Given the following example, why am I able to override the return type List<? extends IConfigUser>
as List<ConfigUser>
in getUserList()
but cannot do the same for the parameter of setUserList()
?
Isn't ConfigUser
considered a supertype of IConfigUser
in this case?
public class Test {
public interface IConfigUser {
}
public interface IConfig {
public List<? extends IConfigUser> getUserList();
public void setUserList(List<? extends IConfigUser> list);
}
public class ConfigUser implements IConfigUser {
}
// The type Test.Config must implement the inherited abstract method
// Test.IConfig.setUserList(List<? extends Test.IConfigUser>)
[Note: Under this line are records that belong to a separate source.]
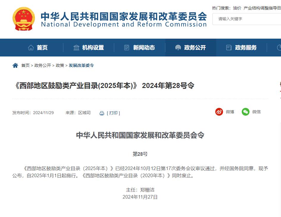 《西部地區鼓勵類產業目錄(2025年本)》 2024年第28號令
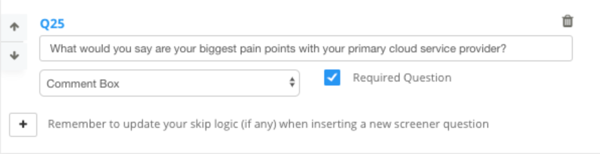 This question format can also test how articulate or knowledgable potential participants are about the topic at hand. Asking a comment box question prior to them seeing specific qualification questions also minimizes the chances of tipping them off to who your target audience is and then providing biased responses.
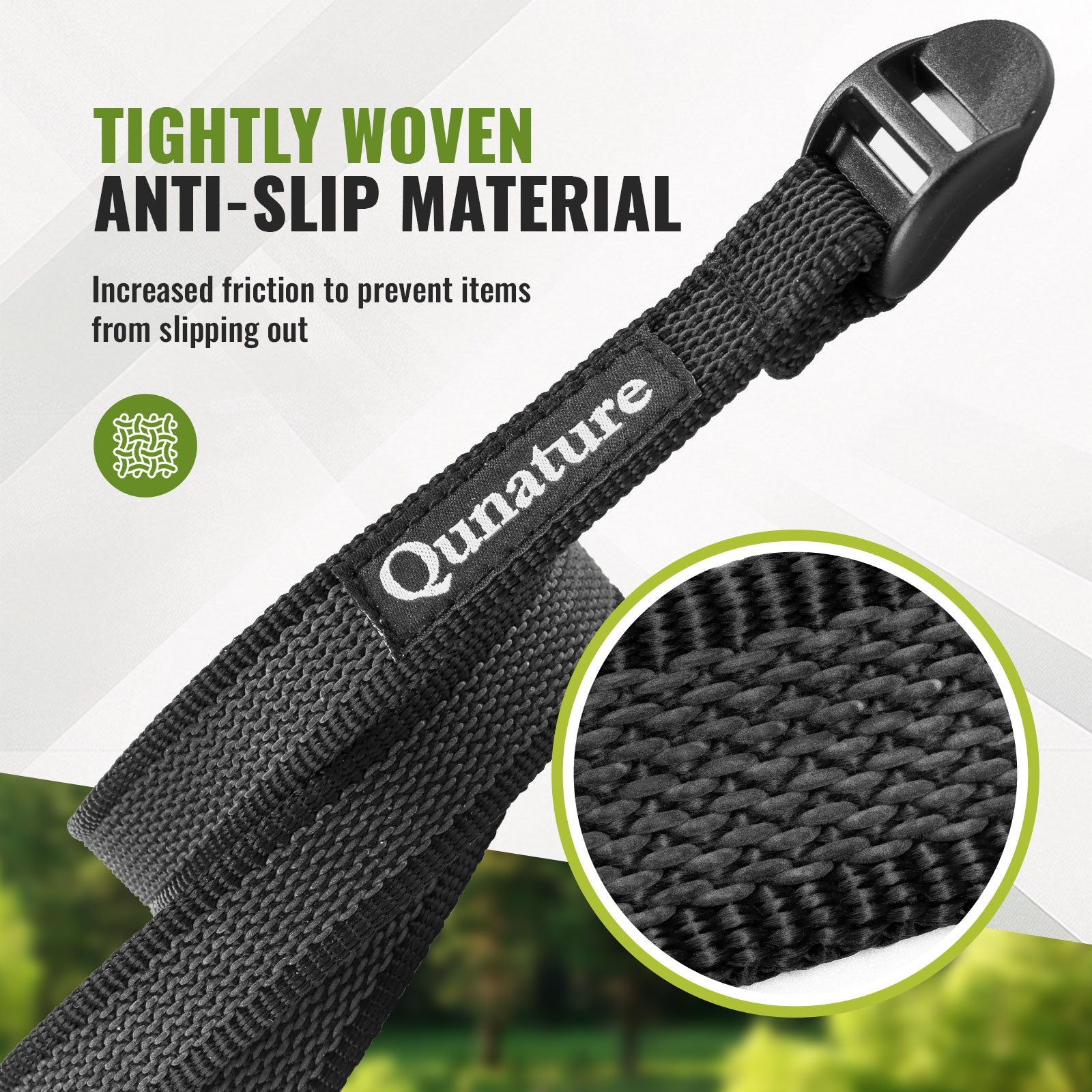 Qunature Bicycle Cargo Straps use a tight, latex-coated weave for strong grip and secure fastening. Durable polypropylene-latex material supports up to 70kg, with adjustable buckles for flexible length and multi-use cargo bundling.
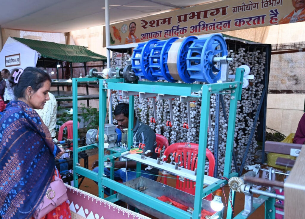 विभागीय स्टाल में आए किसानों और आमजनों ने ग्रामोद्योग विकास विभाग की योजनाओं के बारे में भी विस्तृत जानकारियां ली| गौरतलब है कि छत्तीसगढ़ कोसा उत्पादन एवं कोसा वस्त्र निर्माण के क्षेत्र में अग्रणी राज्य के रूप में प्रगति कर रहा है। मुख्यमंत्री श्री विष्णु देव साय के नेतृत्व में वन आधारित ग्रामोद्योग को बढ़ावा देने के संकल्प को पूरा करते हुए छत्तीसगढ़ टसर उत्पादन के क्षेत्र में परम्परागत रूप से विशिष्ट स्थान रखता है। रेशम प्रभाग के योजनाओं के जरिए ग्रामीण अंचल में निवासरत जरूरतमंद परिवारों को रोजगार, स्व-रोजगार उपलब्ध हो रहे हैं।
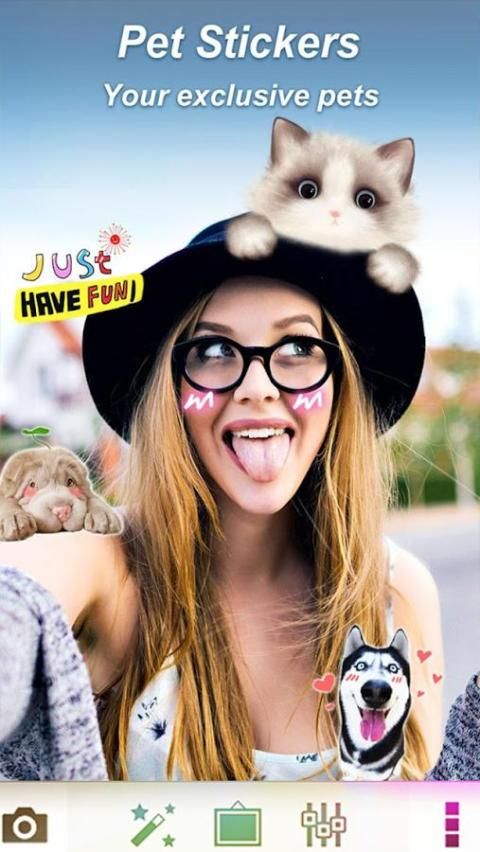 Membuat foto fantastis dengan Pokes Menempel & Doggy Wajah Stiker dan mendapatkan lebih banyak selera dan tindakan dan lebih pengikut menggunakan foto ini jepret! Karena stiker, emoji dan filter yang Anda pilih akan disimpan dalam gambar yang Anda mempublikasikan, mereka akan sama di perangkat Android dan iPhone.
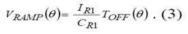 在功率開關(guān)管關(guān)斷期間,CR1電容的充電電流是IR1恒流,CR1電容上的電壓VRAMP (θ)線性升高:
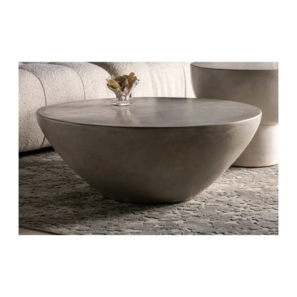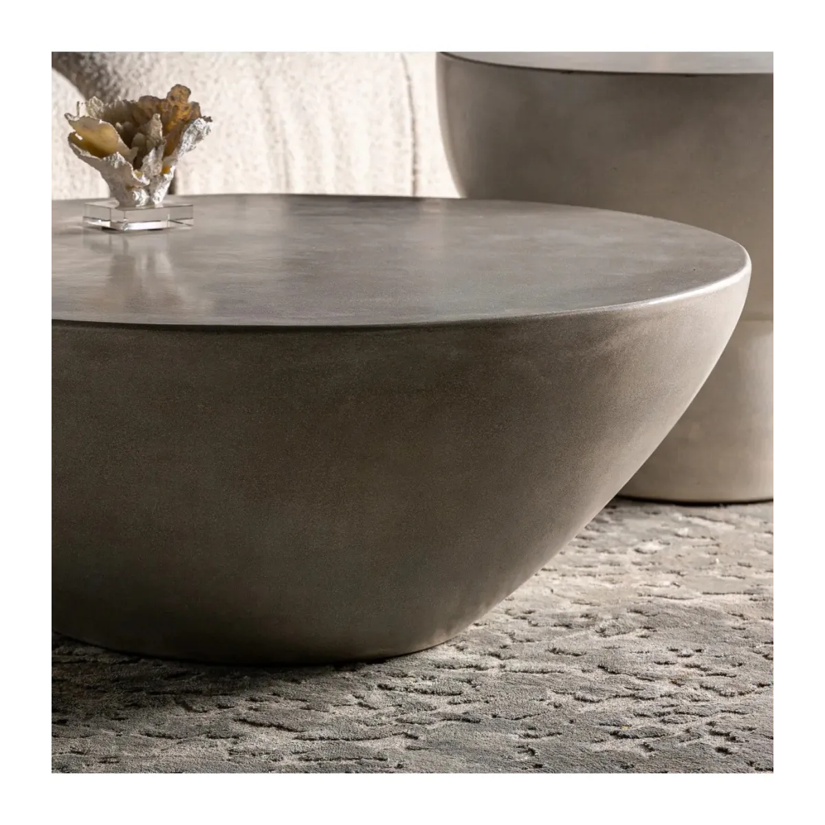 Mesa de centro telfs de estilo contemporáneo, fabricado en cemento en color gris.
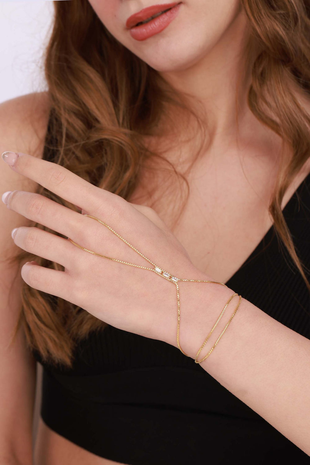 Gold Chain Gold Ring Bracelet / Hand Ring Gold Handlet Bracelet Baguette Stone with Box Chain 925 Silver Shahmeran Bracelet
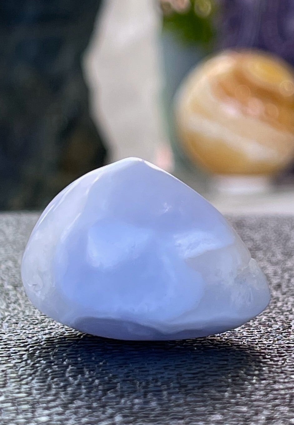 Blauwe Chalcedoon open trommelsteen uit Malawi, medium
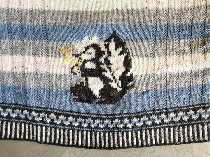 Pull bleu écru et gris 4/8 ans tricoté main - photo numéro 2
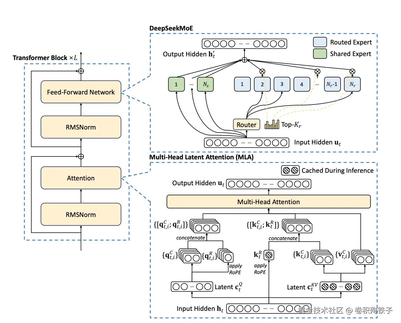 DeepSeek 的专家混合机制采用了更细粒度的专家,并引入了创新的负载均衡技术。与传统的 MoE 架构不同,它通过动态偏置调整消除了对辅助损失的需求,确保在不损失性能的情况下实现专家负载均衡。
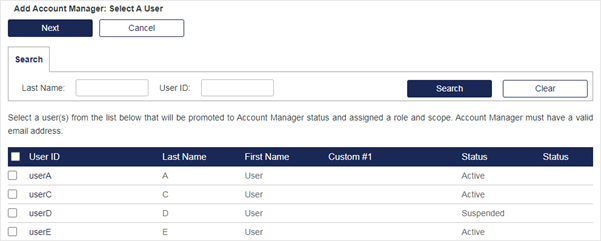 Click Add to display a list of users eligible for promotion to Account Manager status.
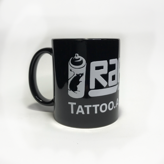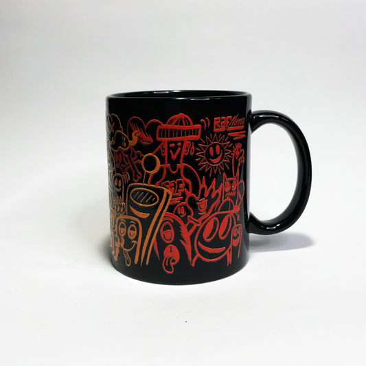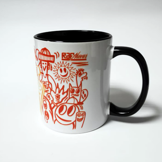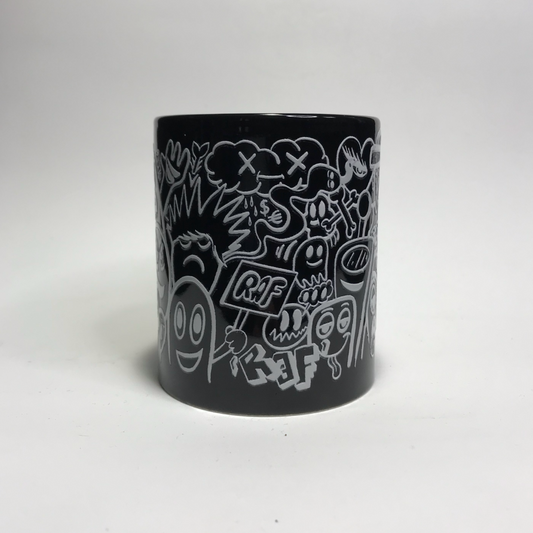 Caneca ceramica preta,com ilustração do artista RafNunes
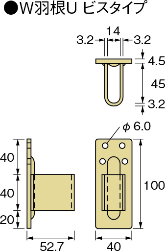 | W羽根Uビスタイプ | JIS G 3131(熱間圧延軟鋼板及び鋼帯)SPHC | |
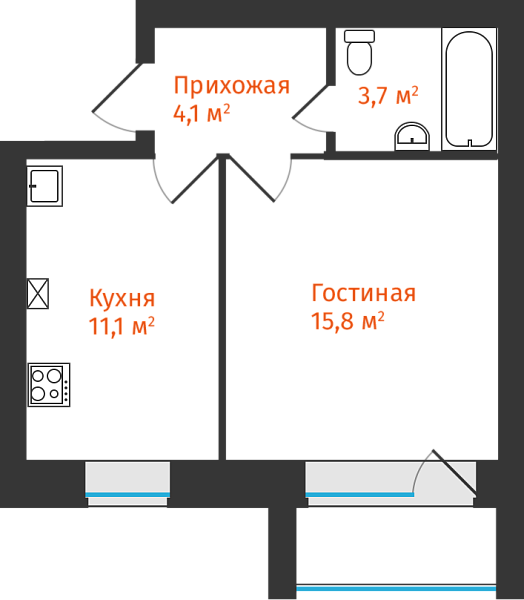Новая 1-комнатная квартира в ЖК Норские резиденции на 4 этаже площадью 36.30 м² в 2 подъезде номер 32
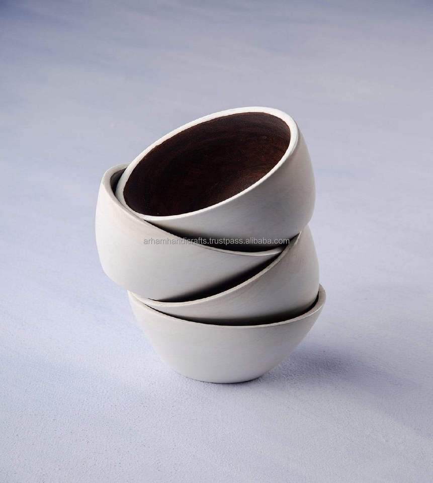 Best Quality Luxury Crafts Customizable Enamel Handcrafted Mango Wood Dining Bowl with Server Disposable Multipurpose Use
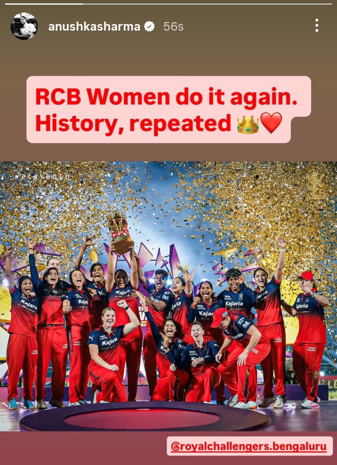 Kohli’s wife and Bollywood actress, Anushka Sharma, was also caught up in the joy of the moment. She shared a photo of the victorious RCB women on her Instagram story, celebrating the repeat of history and the team’s WPL 2026 glory.
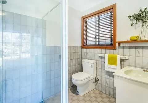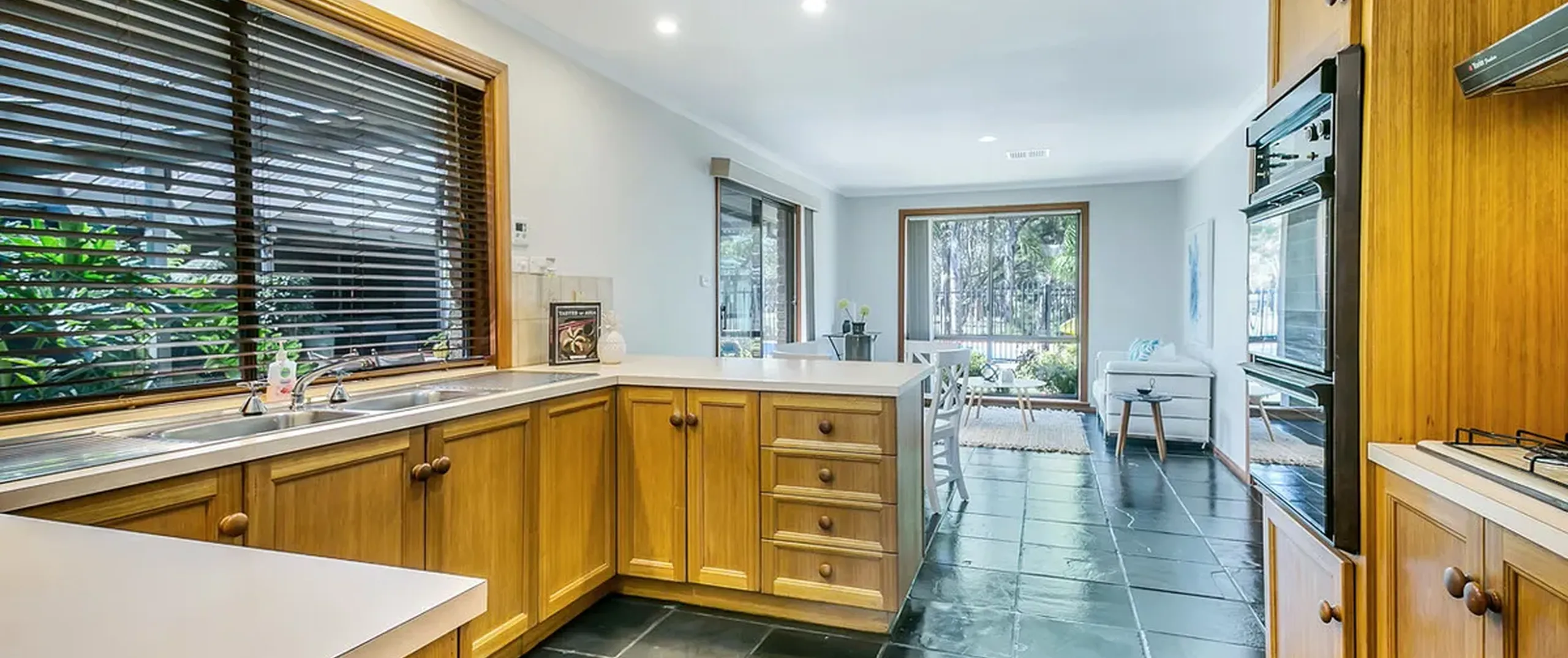 - Timber kitchen with gas cooktop and ample bench and cupboard space

public class Config implements IConfig {
@Override
public List<ConfigUser> getUserList() {
return null;
}
// The method setUserList(List<ConfigUser> list) of type Test.Config
// must override or implement a supertype method
@Override
public void setUserList(List<ConfigUser> list)
{
}
}
}
You can return a more specific type in an override, but you can't require that you accept a more specific type. Get rid of the generics, and you can override a method returning Object
with a method returning String
, but you can't override a method accepting an Object
parameter with a method accepting a String
parameter.
All of this is so that callers are compatible. Consider:
IConfig config = new Config();
List<SomeOtherConfigUser> list = new ArrayList<SomeOtherConfigUser>();
list.add(new SomeOtherConfigUser());
config.setUserList(list);
Oops - your Config.setUserList
is expecting every element to be a ConfigUser
, not a SomeOtherConfigUser
.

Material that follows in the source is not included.